The boy’s eyes shone like precious stones. “I cannot wait to grow up. Why don’t the years go faster?”
“One day you’ll wish they didn’t go so fast,” Cade said.
They crossed the Plaza, walked through a narrow alleyway where some plump, black-haired women were gossiping, and came out on to what could have been the main street of the town. There were some shops, some motor lorries, a few cars, people.
“This way, señor,” Pablo said.
They turned to the left, continued on for about two hundred yards, then plunged down another alleyway and came suddenly on a patch of waste ground where an old Chrysler convertible had come to the end of its journeys. It stood there rusting gently, with no tyres and the hood nothing but a skeleton. Some small fry were sitting in it and they were not even squabbling; perhaps in imagination they were driving down the shining streets of Caracas with all the glittering shops and nightclubs and hotels on either side.

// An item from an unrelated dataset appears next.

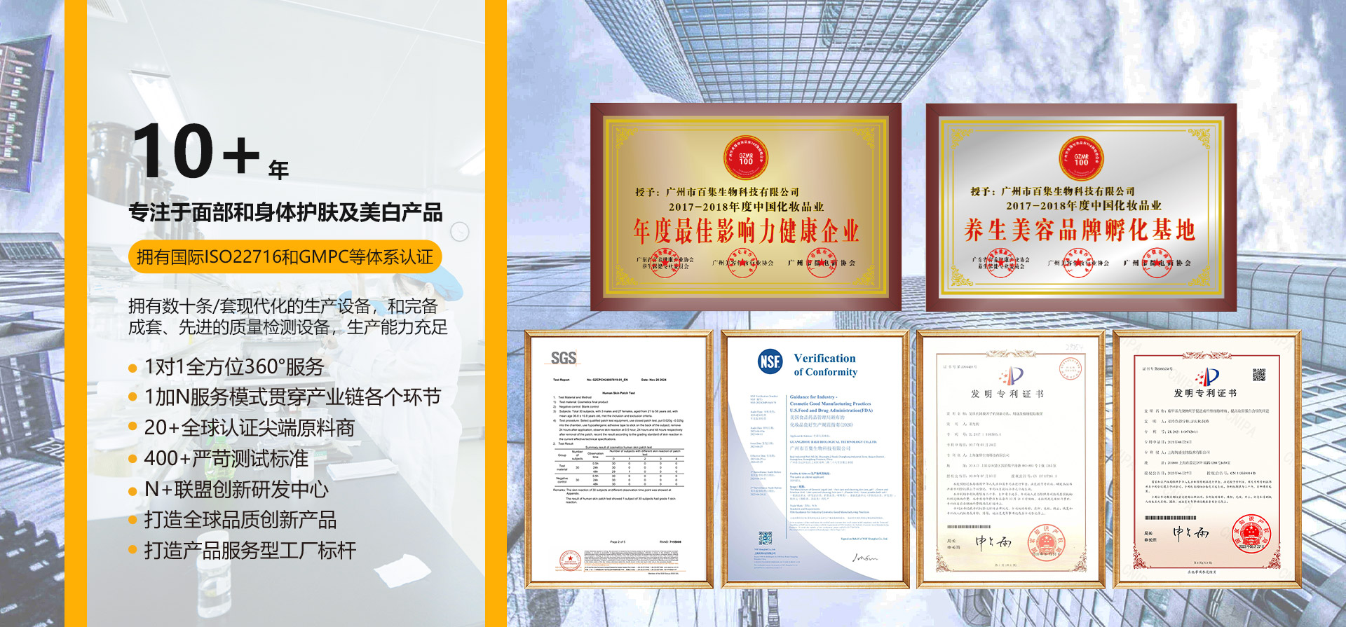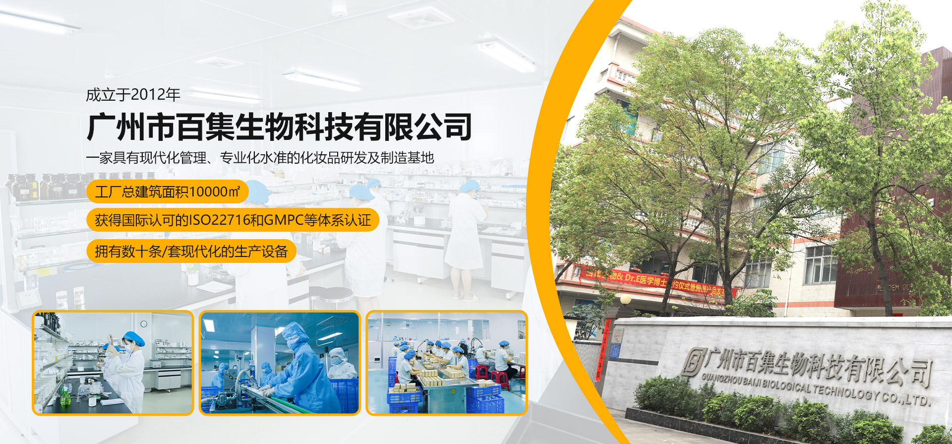 廣州市百集生物科技有限公司成立于2012年,坐落在亞洲化妝品硅谷的廣州市白云區,是一家具有現代化管理、專業化水準的化妝品研發及制造基地,為客戶提供專業的OEM/ODM一站式服務,涵蓋產品規劃、配方開發、包裝設計、功效測試、乳化、灌裝、包裝、倉儲物流等全方位服務。產品涵蓋各類化妝品水、乳、霜、膏、面膜、精華、BB霜、CC霜、素顏霜、精油及粉類等成品及半成品,涵蓋日化線及專業線配方。公司秉承“創新、共贏”的核心價值觀......

“They’re going places,” Cade said.
Pablo looked infinitely contemptuous. “Children’s games,” he said with all the superiority of one who was ten years old and going to be an astronaut.

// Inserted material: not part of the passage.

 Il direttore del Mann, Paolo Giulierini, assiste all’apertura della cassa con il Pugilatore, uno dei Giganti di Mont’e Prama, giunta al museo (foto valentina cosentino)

It turned out to be a rough timber building with no paint and a corrugated iron roof. It had the smell of oil and rubber that you get wherever motor vehicles
congregate. There were half a dozen cars of various ages and conditions, none very new, and there were two Italian scooters with worn saddles and smooth tyres. A man was working at a bench on the left as you went in; he was filing a piece of metal held in a vice and drops of sweat were falling on to it from his forehead. He was not much more than five feet tall and as fat as a leg of pork. He was standing on a box to give him added height.